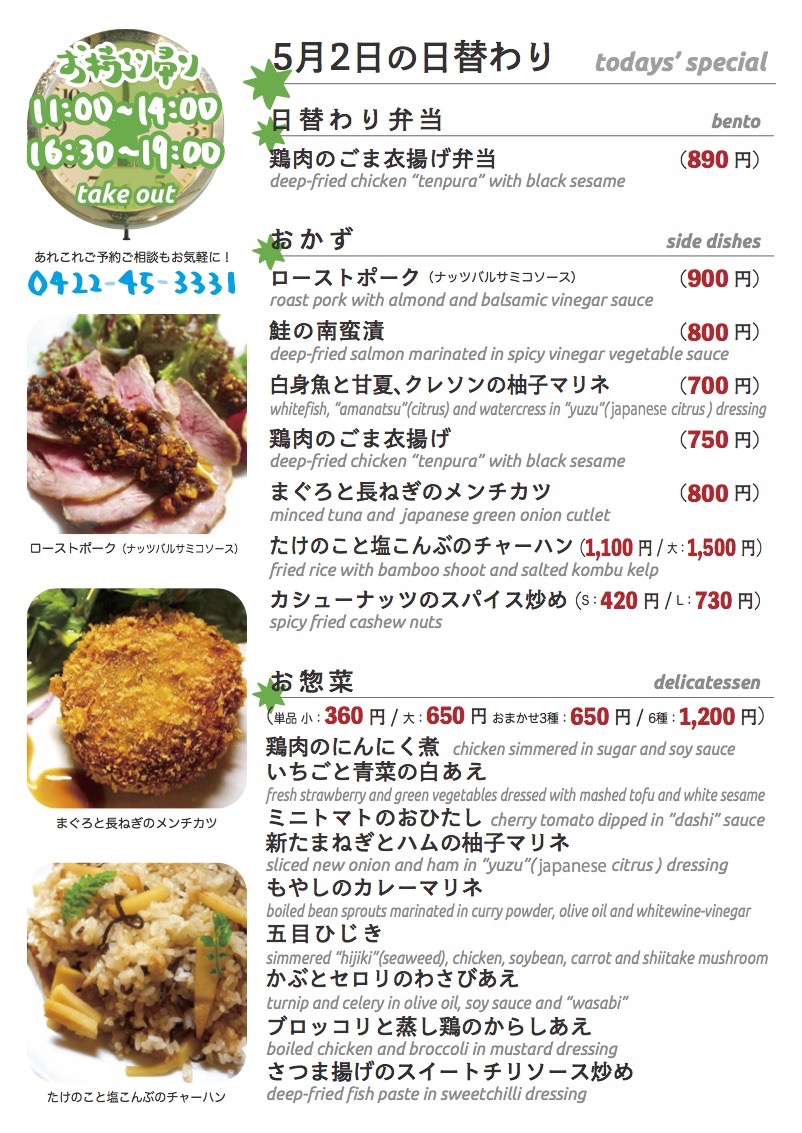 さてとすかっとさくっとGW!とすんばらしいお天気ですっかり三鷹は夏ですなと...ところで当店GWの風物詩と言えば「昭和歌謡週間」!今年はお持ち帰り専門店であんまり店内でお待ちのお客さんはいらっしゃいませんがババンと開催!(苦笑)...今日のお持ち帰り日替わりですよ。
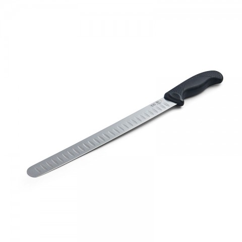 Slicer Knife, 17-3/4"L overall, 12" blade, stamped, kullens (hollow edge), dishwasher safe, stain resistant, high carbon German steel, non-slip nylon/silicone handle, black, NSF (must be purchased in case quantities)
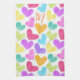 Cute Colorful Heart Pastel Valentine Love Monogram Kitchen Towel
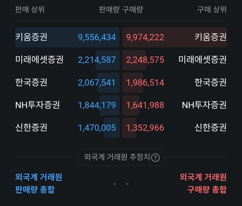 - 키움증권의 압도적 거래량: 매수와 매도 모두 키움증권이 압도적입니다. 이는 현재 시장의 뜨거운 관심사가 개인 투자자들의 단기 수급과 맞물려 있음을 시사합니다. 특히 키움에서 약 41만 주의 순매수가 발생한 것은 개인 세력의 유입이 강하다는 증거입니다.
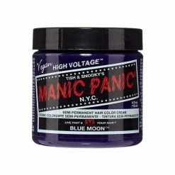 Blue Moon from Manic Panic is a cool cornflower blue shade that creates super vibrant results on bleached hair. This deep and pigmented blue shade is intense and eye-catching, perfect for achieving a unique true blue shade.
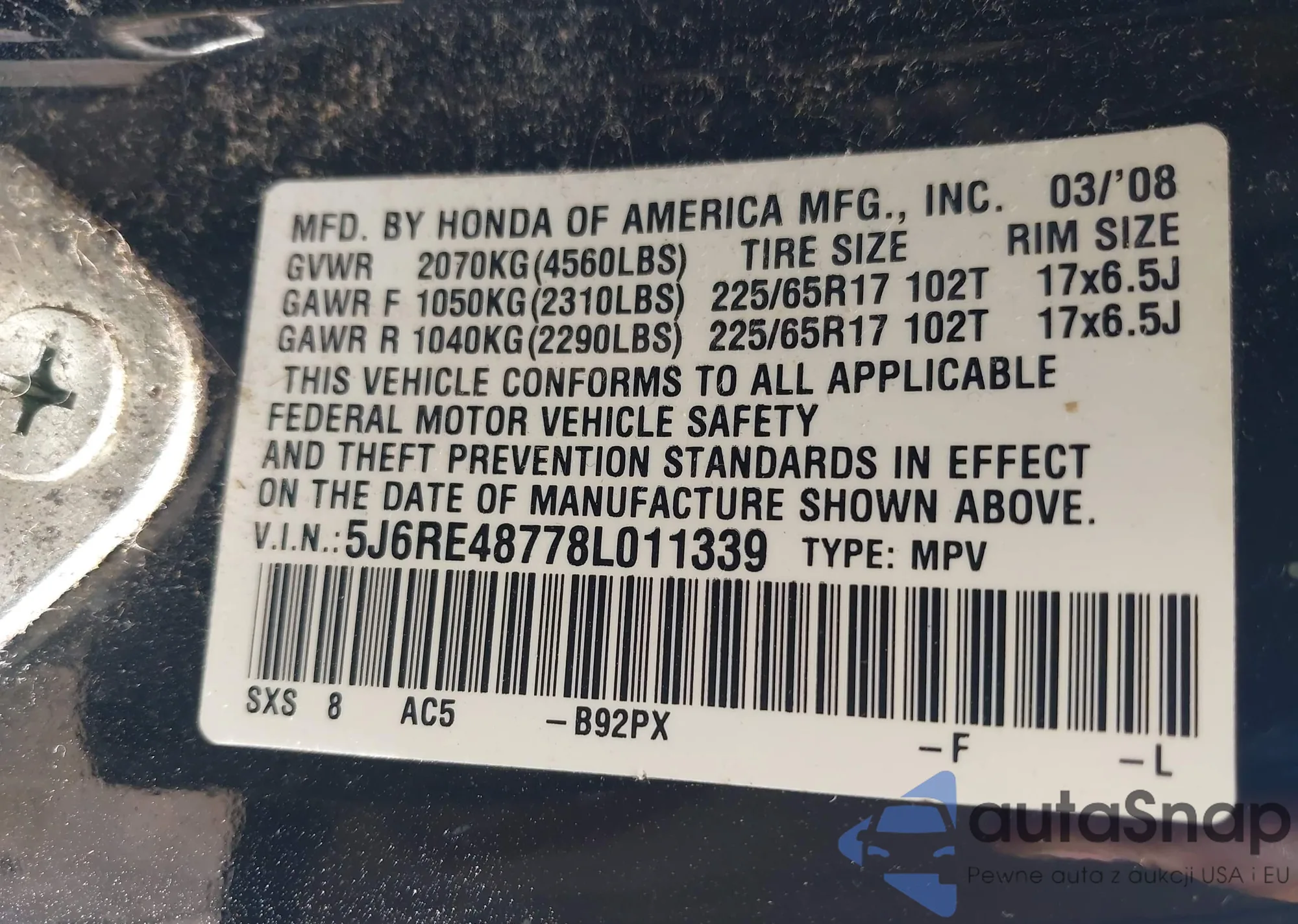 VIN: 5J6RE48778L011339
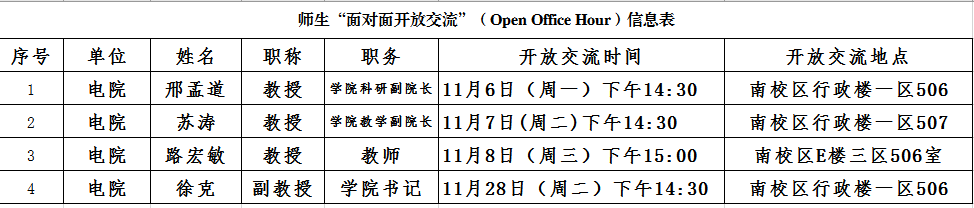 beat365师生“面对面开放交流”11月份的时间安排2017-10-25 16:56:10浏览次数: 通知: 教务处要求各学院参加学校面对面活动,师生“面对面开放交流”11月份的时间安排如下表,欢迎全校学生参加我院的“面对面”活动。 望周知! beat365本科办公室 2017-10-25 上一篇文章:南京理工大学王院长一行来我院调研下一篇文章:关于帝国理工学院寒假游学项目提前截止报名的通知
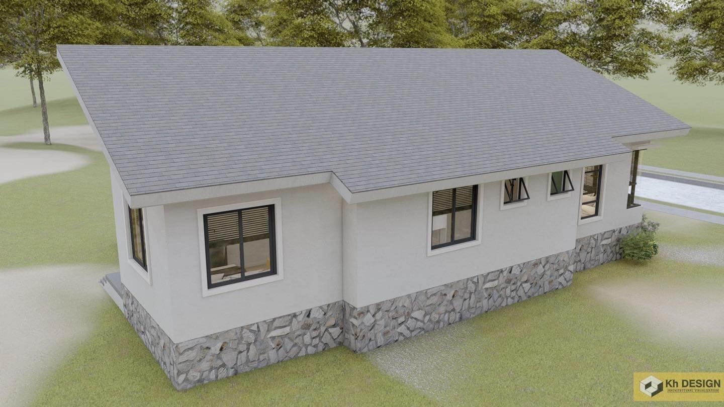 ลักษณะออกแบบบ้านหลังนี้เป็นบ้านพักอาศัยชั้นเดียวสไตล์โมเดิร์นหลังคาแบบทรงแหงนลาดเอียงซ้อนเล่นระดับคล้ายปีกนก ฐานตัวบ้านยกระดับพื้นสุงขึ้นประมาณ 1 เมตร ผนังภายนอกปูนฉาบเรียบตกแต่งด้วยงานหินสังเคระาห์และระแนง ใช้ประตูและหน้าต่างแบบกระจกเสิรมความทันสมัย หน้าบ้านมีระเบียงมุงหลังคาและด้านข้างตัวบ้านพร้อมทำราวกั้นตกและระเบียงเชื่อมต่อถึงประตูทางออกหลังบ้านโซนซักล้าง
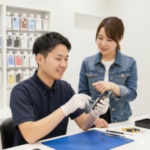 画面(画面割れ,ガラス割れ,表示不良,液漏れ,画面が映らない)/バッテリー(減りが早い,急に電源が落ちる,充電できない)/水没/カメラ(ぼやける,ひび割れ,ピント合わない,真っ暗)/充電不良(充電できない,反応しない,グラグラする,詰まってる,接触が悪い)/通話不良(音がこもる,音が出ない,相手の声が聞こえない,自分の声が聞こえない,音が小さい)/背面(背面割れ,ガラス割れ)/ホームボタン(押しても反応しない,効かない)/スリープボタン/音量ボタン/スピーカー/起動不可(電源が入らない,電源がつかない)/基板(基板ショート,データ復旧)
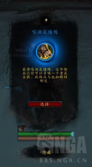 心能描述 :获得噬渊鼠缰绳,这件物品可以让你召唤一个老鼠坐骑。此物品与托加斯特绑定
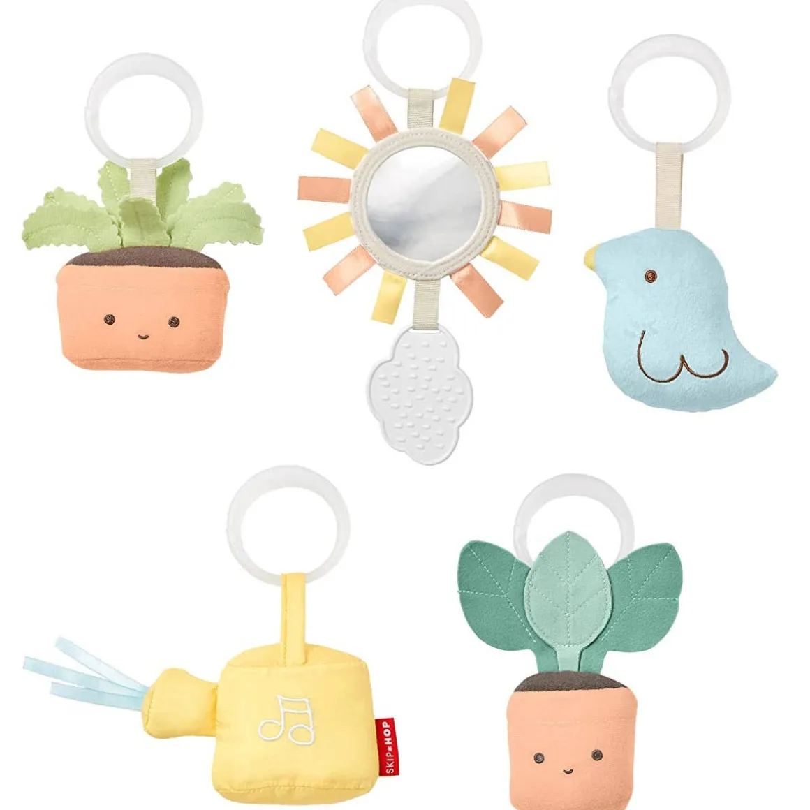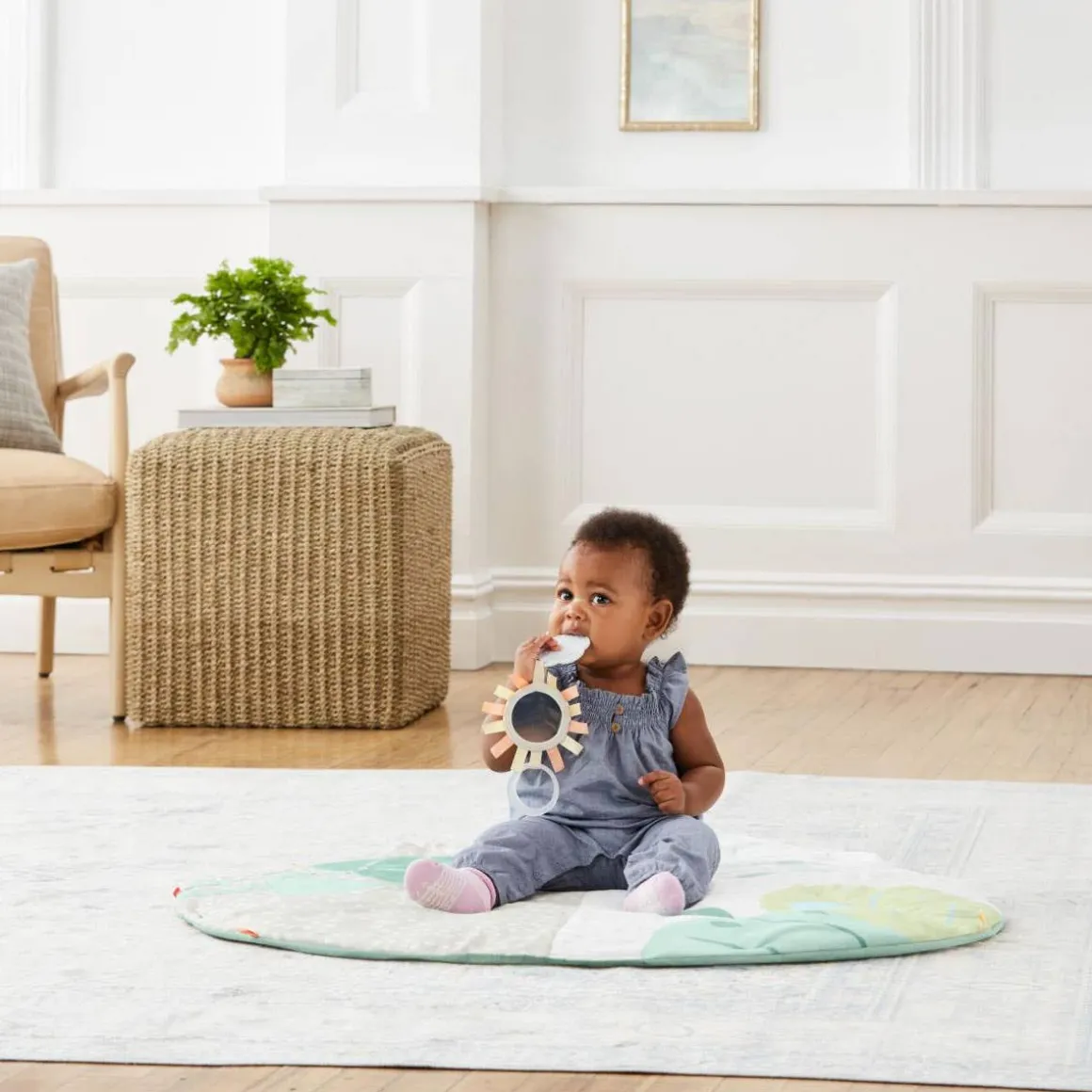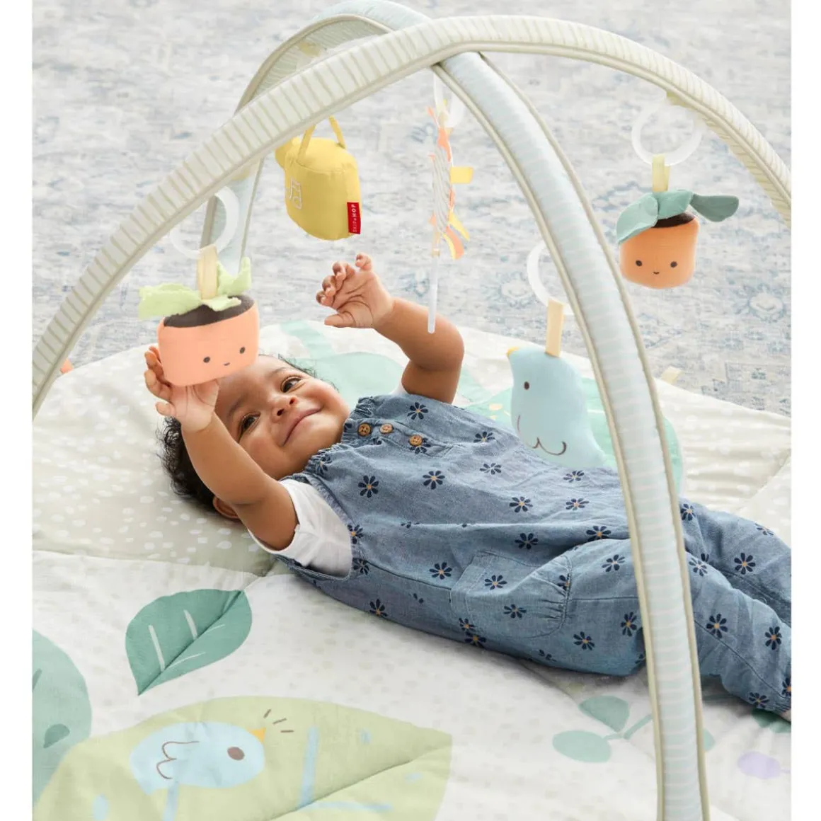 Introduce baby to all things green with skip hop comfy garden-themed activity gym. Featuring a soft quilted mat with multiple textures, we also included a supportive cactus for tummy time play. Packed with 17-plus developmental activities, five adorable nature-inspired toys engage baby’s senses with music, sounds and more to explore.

+-------+

Task objective: Write out exactly the lines above between the one with "Cute Colorful Heart" and the one with "VIN: 5J6RE48778L011339", inclusive, with pictures left out.

Answer:
 Cute Colorful Heart Pastel Valentine Love Monogram Kitchen Towel
 - 키움증권의 압도적 거래량: 매수와 매도 모두 키움증권이 압도적입니다. 이는 현재 시장의 뜨거운 관심사가 개인 투자자들의 단기 수급과 맞물려 있음을 시사합니다. 특히 키움에서 약 41만 주의 순매수가 발생한 것은 개인 세력의 유입이 강하다는 증거입니다.
 Blue Moon from Manic Panic is a cool cornflower blue shade that creates super vibrant results on bleached hair. This deep and pigmented blue shade is intense and eye-catching, perfect for achieving a unique true blue shade.
 VIN: 5J6RE48778L011339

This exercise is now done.